GLvoid glGenBuffers(GLsizei n, GLuint* buffers);
GLvoid glDeleteBuffers(GLsizei n, const GLuint* buffers);

buffers is an array created by the user in which the VBOs identifiers are store. n objects are created or deleted so take care of the buffers size.

Let's assume that we want to display a quad on screen using two triangles. Our sources could be for example:

static const GLsizeiptr PositionSize = 6 * 2 * sizeof(GLfloat);
static const GLfloat PositionData[] =
{
-1.0f,-1.0f,
1.0f,-1.0f,
1.0f, 1.0f,
1.0f, 1.0f,
-1.0f, 1.0f,
-1.0f,-1.0f,
};

static const GLsizeiptr ColorSize = 6 * 3 * sizeof(GLubyte);
static const GLubyte ColorData[] =
{
255, 0, 0,
255, 255, 0,
0, 255, 0,
0, 255, 0,
0, 0, 255,
255, 0, 0
};

We are using two VBOs to render this six vertices described by the previous array. Arrays are identified by POSITION_OBJECT and COLOR_OBJECT. Creation and destruction of VBOs are performed by the glGenBuffers and glDeleteBuffers functions. The function glBindBuffer allows selecting the active VBO.

static const int BufferSize = 2;
static GLuint BufferName[BufferSize];

static const GLsizei VertexCount = 6;

enum
{
POSITION_OBJECT = 0,
COLOR_OBJECT = 1
};

The C++ code to render this quad is:

glBindBuffer(GL_ARRAY_BUFFER, BufferName[COLOR_OBJECT]);
glBufferData(GL_ARRAY_BUFFER, ColorSize, ColorData, GL_STREAM_DRAW);
glColorPointer(3, GL_UNSIGNED_BYTE, 0, 0);

glBindBuffer(GL_ARRAY_BUFFER, BufferName[POSITION_OBJECT]);
glBufferData(GL_ARRAY_BUFFER, PositionSize, PositionData, GL_STREAM_DRAW);
glVertexPointer(2, GL_FLOAT, 0, 0);

glEnableClientState(GL_VERTEX_ARRAY);
glEnableClientState(GL_COLOR_ARRAY);

glDrawArrays(GL_TRIANGLES, 0, VertexCount);

glDisableClientState(GL_COLOR_ARRAY);
glDisableClientState(GL_VERTEX_ARRAY);

glBufferData initialises data storage of VBOs. The last parameter specifies the VBO usage as it is detailed in section 1.2 and section 1.3. The list of all usages is available in section 3.1. Functions such as glColorPointer and glVertexPointer allow specifying the location where OpenGL will respectively find colours and spatial coordinates of the vertices.

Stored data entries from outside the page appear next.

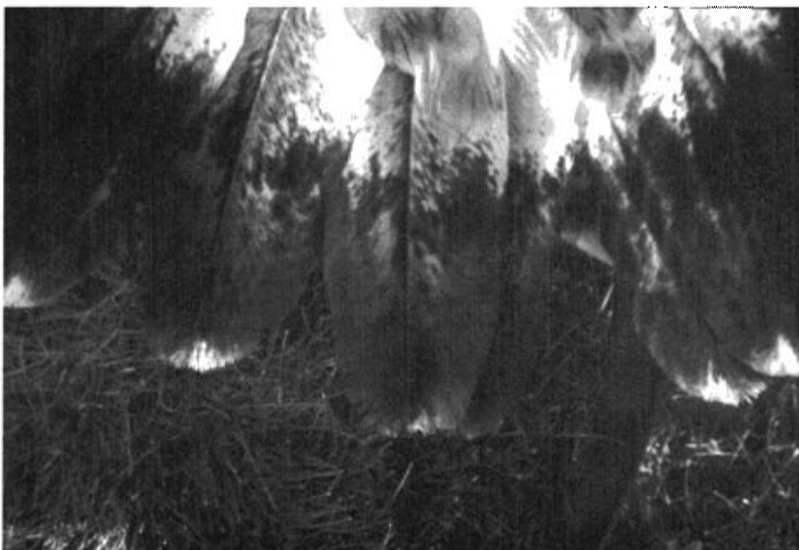
Photo 6. Under surface. 3 Aug 1973 (about one month after fledging).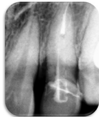
Figure 6. Fiber post cementation.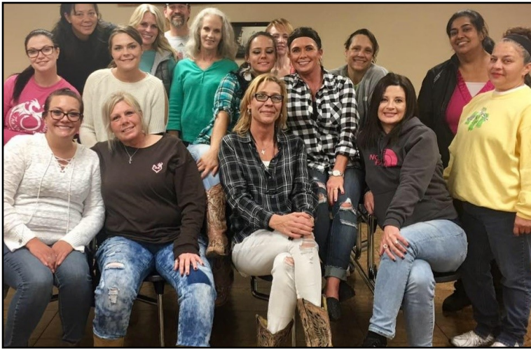
Serving at Love & Care Ministries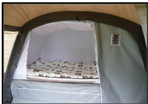
ENCLOSED LARGE DOUBLE BED WITH FOAM MATTRESS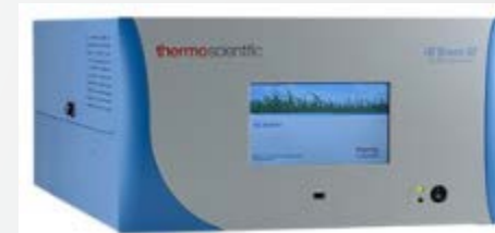
iQ Series (2017 – Present)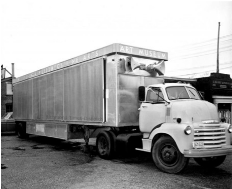
Figure 1. "Artmobile I," 1954.

Within this timeframe, the Artmobile presented a total of sixty exhibitions to its Virginia audience. To analyze all sixty exhibitions is beyond the parameters of this article; additionally, archival evidence varies for each exhibition, as there was no explicit initiative to create comprehensive files of all educational materials for each exhibition. Therefore, an examination of five exhibitions and their educational materials is subsequently presented in chronological order. This article first presents a brief history of the Artmobile, including a discussion of other mobile museums in the United States that inspired the Artmobile's creation. Although the examination of five exhibitions in relation to parallel philosophies contributes to an understanding of the development of the field of museum education, it is not enough to simply analyze the exhibitions in a vacuum. Indeed, an analysis of the socio-temporal environment during each exhibition must also be examined in order to understand the greater cultural motivations that influenced educational approaches. Applying Tony Bennett's examinations of culture in relation to the social to educational approaches, I will demonstrate how in the course of the mid to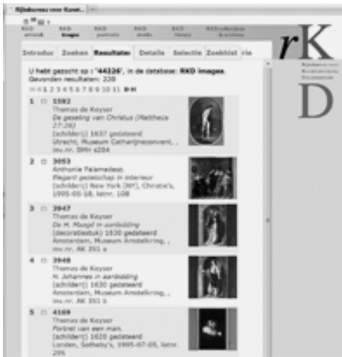
6 Rijksbureau voor Kunsthistorische Documentatie, on-line database, http://website.rkd.nl/Databases/RKDartists , search result Thomas de Keyser

began a process resulting in a boon for art historians seeking relief from outrageous reproduction fees for scholarly publications. 31 But we are all aware that the black and white photograph conveys a limited amount of information, foregrounding specific qualities of painting in favour of others. In so doing, the photograph has shaped and perpetuated definitions of artistic style in ‘idea’ conveyed by outline and tone—gradations of light and shade—first articulated in the Italian Renaissance. Only in the last forty years have the chemistry of paint composition and application techniques begun to figure prominently in connoisseurship decisions, such as those made from the early 1970s by the Rembrandt Research Project. For these, the photographic—and now digital—representations of the x-ray, ultra-violet light reflectography, autoradiographs, and paint samples viewed through high-powered microscopes are invaluable. 32 But until their systematic use and widespread circulation, Renaissance concepts of style as subject, outline, and tone will continue—if only subliminally—to shape our field.

The order of these three types of function is particularly important. It is intuitive that we must first select the active VBO for its setup. However, the order of glBufferData and gl*Pointer is important as well. Actually, gl*Pointer refers to the data sources of the active VBO, this source being described by glBufferData.

Remarks:

  • Often, it is better to separate the loading vertices data task and the data description task. This is for flexibility problems. The following solution is perfectly correct:
  • glBindBuffer(GL_ARRAY_BUFFER, BufferName[POSITION_OBJECT]);
    glBufferData(GL_ARRAY_BUFFER, PositionSize, PositionData, GL_STREAM_DRAW);
    ...
    glBindBuffer(GL_ARRAY_BUFFER, BufferName[POSITION_OBJECT]);
    glVertexPointer(3, GL_FLOAT, 0, 0);
  • When the function glBindBuffer is called with a valid VBO name, OpenGL toggle in VBO mode. To get back to the vertex array mode, we have to use glBindBuffer with the 0 value as object name.
  • The rendering is performed by one of the functions dedicated to array rendering: glDrawArrays or glMultiDrawArrays.

    In the specific case where the whole memory size of the graphic card is lower than the size we are asking to reserve for a single VBO, a GL_OUT_OF_MEMORY error is thrown and could be found with the common glGetError function.

    2.2. Indexed arrays (class CTest2)

    During the first example we have used the target GL_ARRAY_BUFFER. It is used for all types of data excepted index arrays witch have their dedicated target, GL_ELEMENT_ARRAY_BUFFER.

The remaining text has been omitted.